ESKİ KÖY HATIRALARI
Doğanın içinde dinginliğin, samimiyetin ve sadakatin bir araya geldiği, şehir karmaşasından uzak, doğanın kucağında yaşamak, köyün sakin atmosferinde huzuru bulmak, köy insanın ruhunu rahatlatan, içini dinlendiren; Köyün taşı, toprağı, havası, suyu insana bir başka huzur verir…
Çoğumuzun en güzel hatıralarının geçtiği köylerimizde sabahın alacakaranlığında keskin bir horoz sesi ile uyandığımız çok olmuştur. İlk kalkan her zamanki gibi yaşlı dedelerimiz ile onlara sadakatle hizmette yıllarca kusur etmemiş iyilik abidesi ninelerimiz olurdu. Yere serilen bir örtü üzerine konulan “sini ya da sofra” denilen yekpare seyyar, yer masalarının etrafına hane halkının toplanması ile kahvaltı başlardı. Ana yemeğin, sofranın ortasında bulunan ve “sıhan” denilen bakırdan genişçe bir kapta sunulduğunu köyde yaşayanlarımızın hepsi bilmekte ve hatırlamaktadırlar. Büyük bir iştahla ve olabildiğince sessiz yenilen yemekten sonra sofradan uygun bir şekilde kalkılır ve günlük iş bölümünün yapılmasına kadar beklenilirdi.

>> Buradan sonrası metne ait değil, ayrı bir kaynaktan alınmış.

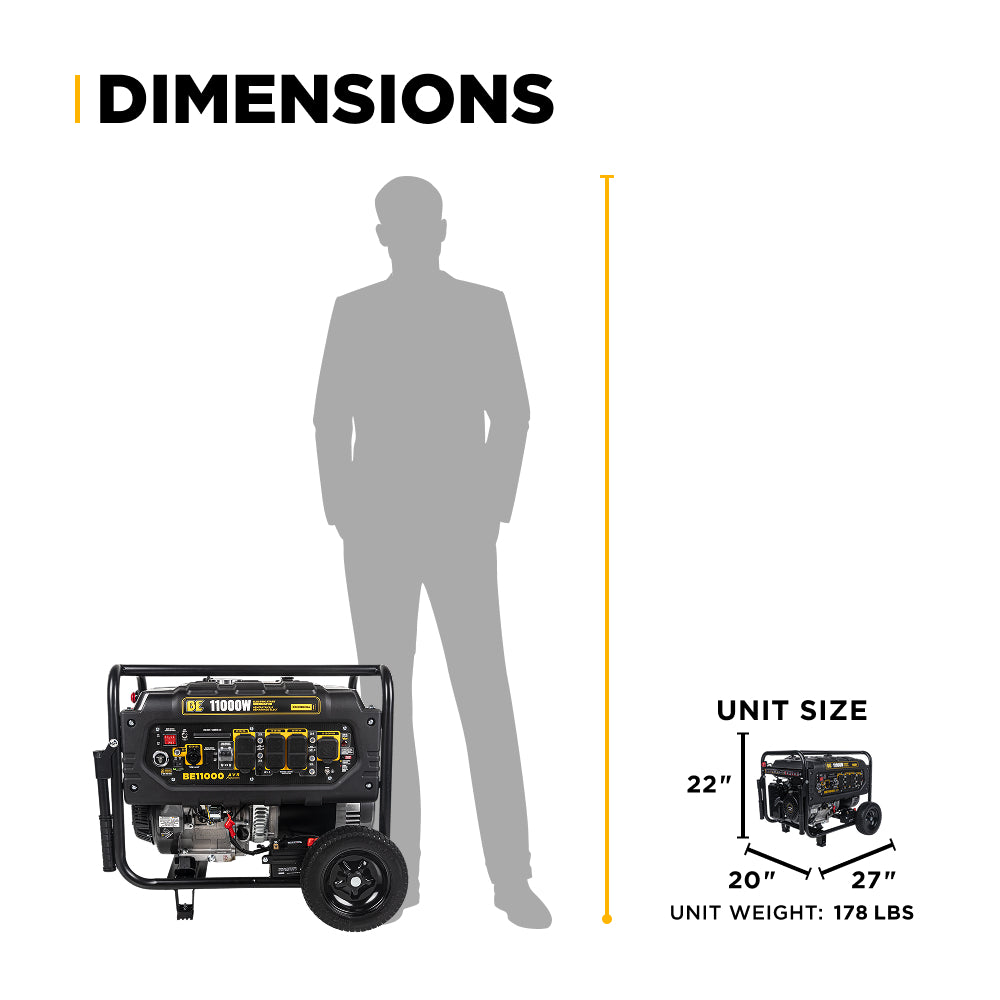 BE Power Equipment generators are built with operator safety and usability in mind. That’s why the BE11000 comes with automatic low oil shutdown to protect the engine from damage, and a carbon monoxide sensor to prevent dangerous exposure—making it safe for use around homes, worksites, and enclosed outdoor setups with proper ventilation.

Köy evleri aynı zamanda çocukluk ve gençlik yıllarımızın en güzel hatıralarının yaşandığı mekânlar olarak hafızalarımızda silinmez izler bırakmıştır. Ancak ne zaman ki sanayi ve teknoloji gelişmeye ve bu gelişim baş döndürücü şekilde hızlanmaya başladı işte o zaman köylerimizdeki o güzelim evlerimizin yerini şekilsiz ve ruhsuz ”beton evler” almaya başladı.
Eski köy evlerimizin iç mekânlarında istisnalar dışında genellikle tuvaletler bulunmazdı. Bu yapılar evlerin dışında ve hemen yakınında ayrı yapılırdı. Duş alma ihtiyacında olanlar, bu iş için kullanılan evin köhne bir köşesinde ya da ahır bölümünde bakır güğümlerde ısıttığı su ile duşunu alabilirdi.

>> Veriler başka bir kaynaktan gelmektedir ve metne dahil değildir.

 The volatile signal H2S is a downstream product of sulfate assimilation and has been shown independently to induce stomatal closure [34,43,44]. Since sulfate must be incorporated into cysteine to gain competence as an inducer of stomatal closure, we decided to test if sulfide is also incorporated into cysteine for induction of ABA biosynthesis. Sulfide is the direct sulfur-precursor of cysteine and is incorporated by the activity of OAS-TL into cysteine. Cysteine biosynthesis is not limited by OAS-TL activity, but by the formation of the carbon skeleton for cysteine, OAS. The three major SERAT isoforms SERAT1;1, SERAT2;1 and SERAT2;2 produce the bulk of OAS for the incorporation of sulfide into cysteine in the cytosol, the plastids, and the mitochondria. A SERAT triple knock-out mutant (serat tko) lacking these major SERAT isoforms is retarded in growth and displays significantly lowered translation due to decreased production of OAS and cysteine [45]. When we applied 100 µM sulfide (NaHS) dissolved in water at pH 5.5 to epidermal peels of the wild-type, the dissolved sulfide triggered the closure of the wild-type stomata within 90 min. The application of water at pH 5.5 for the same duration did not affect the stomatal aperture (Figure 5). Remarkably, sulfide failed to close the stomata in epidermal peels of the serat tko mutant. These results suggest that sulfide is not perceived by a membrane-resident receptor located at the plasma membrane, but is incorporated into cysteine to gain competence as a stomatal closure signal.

Eski köy evlerimizin odalarının içerisinde özenle yapılmış bir tahta eni ve boyunda ebatı olan “oda rafları” bulunurdu. Günlük kullanılan ihtiyaç maddeleri; iğne, kibrit, mum, “şişeli lamba”, “fiske lambası” ayna, tarak, makas, çuvaldız, terramisin denilen yara merhemi, babalarımızın tıraş jileti ve makineleri ile varsa kitaplar bu raflarda bulunurdu.
Eski köy evlerimizde genellikle “açık ocak” biçimindeki yerlerde ateşler yakılır ve ısınılırdı. Yemeklerde bu ateş ocağında pişirilirdi. Ekmekler ise genelde tandırda pişirilirdi. ekmek belli bir zaman bekletilip, sıcaklığı giderildikten sonra ihtiyaca göre sofraya taşınırdı.
Yaşanılan zamanın özelliklerine göre köylerdeki ahşap evlerimizde kullandığımız alet ve yararlandığımız mekânlar ile hafızalarımızdan hâlâ silinmeyen güzel hatıralarımızı bu dönemi kısaca anlatarak yaşamış gibi olduk. Ama ne yazık ki o dönemin kültürünü oluşturan ahşap evlerimizi, küçükken kardeşlerimizle saklambaç oynadığımız az ışıklı odalarımızı ve günlük ihtiyaçlarımızın giderilmesini kolaylaştıran araç ve gereçlerimiz bu günlere kadar muhafaza edemedik. Hiç olmazsa o dönemi yaşayan insanlardan istifade etmek ümidiyle.